User Feedback Prediciton and Response Generation
◇ Task 9 - User Feedback Prediction and Response Generation
Online conversation systems usually have a user feedback mechanism, such as like and dislike buttons. When a user is satisfied with the response, he/she can click the like button, and vice versa for the dislike button. The feedback signal represents the user's vote on the quality of the response and also represents his/her preference. It is a worthwhile direction to study and invest in how to use this signal to improve the quality of the conversation system. This task includes two tracks:
● Track 1: Prediction of likes and dislikes: Given a (query, reply) pair, predict the probabilities of likes, dislikes.
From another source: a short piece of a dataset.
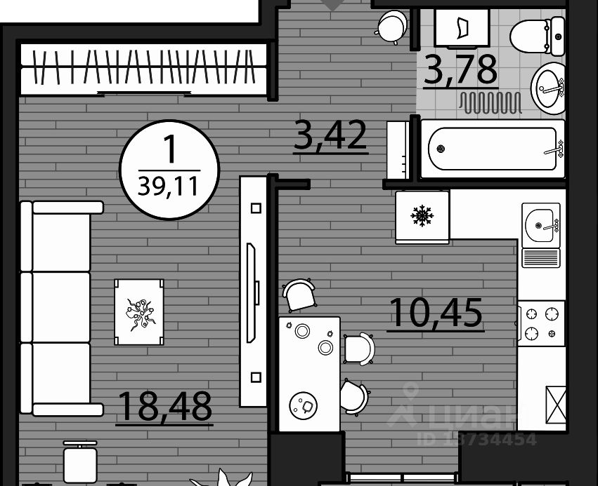 В продаже однокомнатная квартира площадью 39 м2 в современном жилом комплексе. Территория ЖК огорожена.

● Track 2: Conversation generation based on likes and dislikes: Incorporate like and dislike data into conversation generation to improve response quality and obtain high likes.
Organizer: Renmin University of China, and XiaoMi AI Lab
Contact: Shuang DONG (dongshuang1@xiaomi.com)
Type | Query # | Average Reply # | Avg Labike # per Reply | Avg Dislike # per Reply |
---|---|---|---|---|
train | 16000 | 3.14 | 16.15 | 8.42 |
dev | 2000 | 3.07 | 19.84 | 9.41 |
test | 2000 | 3.16 | 30.57 | 12.19 |
We provide two files, train.jsonl and dev.jsonl, each line in the file represents an item in json format, and the following is the result of one of the item parsing.
{
"query": "你喜欢听什么歌",
"replys": [
{
"reply": "你喜欢什么,小爱就喜欢什么",
"dislike": 3,
"like": 2
},
{
"reply": "你知道的,我什么歌都喜欢。🙃",
"dislike": 2,
"like": 3
},
{
"reply": "你知道的,我什么歌都喜欢。",
"dislike": 4,
"like": 6
},
{
"reply": "亲爱哒,最喜欢的还是土嗨土嗨的那种,热闹啊!",
"dislike": 2,
"like": 4
},
{
"reply": "受你影响,品味现在和你差不多了。",
"dislike": 47,
"like": 146
},
{
"reply": "最喜欢的还是土嗨土嗨的那种,热闹啊!",
"dislike": 34,
"like": 141
},
{
"reply": "受你影响,品味现在和你差不多了。😘",
"dislike": 11,
"like": 59
},
{
"reply": "我喜欢甜甜的歌曲,生活就该多点甜嘛,我给你唱一首吧!",
"dislike": 0,
"like": 22
}
]
}
Final result:
排名 | 队伍名 | 机构 | 分数 |
---|---|---|---|
1 | 师弟师妹带带我 | 大连理工大学、吉林大学 | 92.13 |
2 | dunnlp | 易盾 | 92.00 |
3 | zut | 中原工学院 | 91.73 |
4 | YNU-HPCC | 云南大学 | 91.63 |
5 | HTDZNLP | 杭州航天电子技术有限公司 | 91.40 |
6 | 666 | 浙江工业大学 | 91.24 |
7 | Tryourbest classification | 苏州大学 | 90.94 |
8 | little_spice | 天津科技大学 | 90.72 |
Final reuslt:
排名 | 队伍名 | 机构 | 分数 |
---|---|---|---|
1 | YNU-HPCC | 云南大学 | 1.656 |
2 | Devs | 东北大学 | 1.562 |
3 | little_spice | 天津科技大学 | 1.409 |
4 | 666 | 浙江工业大学 | 1.388 |
5 | ZUT | 中原工学院 | 1.214 |
6 | HTDZNLP | 杭州航天电子技术有限公司 | 1.202 |
For Track 1, the test dataset is named datasets_test_track1.jsonl
, which consists of 1500 samples. Participants are required to submit their results with the same number of rows as the test dataset. Each row should contain multiple scores separated by tabs (\t). The number of scores in each row represents the number of replies corresponding to the query. The required format is as follows:
0.6
0.6
...
0.6\t0.6\t0.6
For each question-answer pair, a probability distribution of 0 and 1 scores is computed based on the ratio of likes and dislikes. The scores are calculated using the formula 1/(1+kl), where kl represents the Kullback-Leibler divergence between the predicted probability distribution and the ground truth. Please refer to the evaluation.py
file for more detailed information.
For Track 2, the test dataset is named datasets_test_track2.jsonl
, which contains 500 samples. Participants are also required to submit their results with the same number of rows as the test dataset. Each row should contain the reply results corresponding to the query. The format should be as follows:
不喜欢
在呢
...
不好意思,刚刚走神了
We will use manual annotations to assign scores to each reply, with possible scores of 0 (unlikely to be liked), 1 (potentially liked), and 2 (highly likely to be liked). The final score will be the average of these scores.
- Our dataset is licensed under the CC BY 4.0 and our code is licensed under the Apache License 2.0.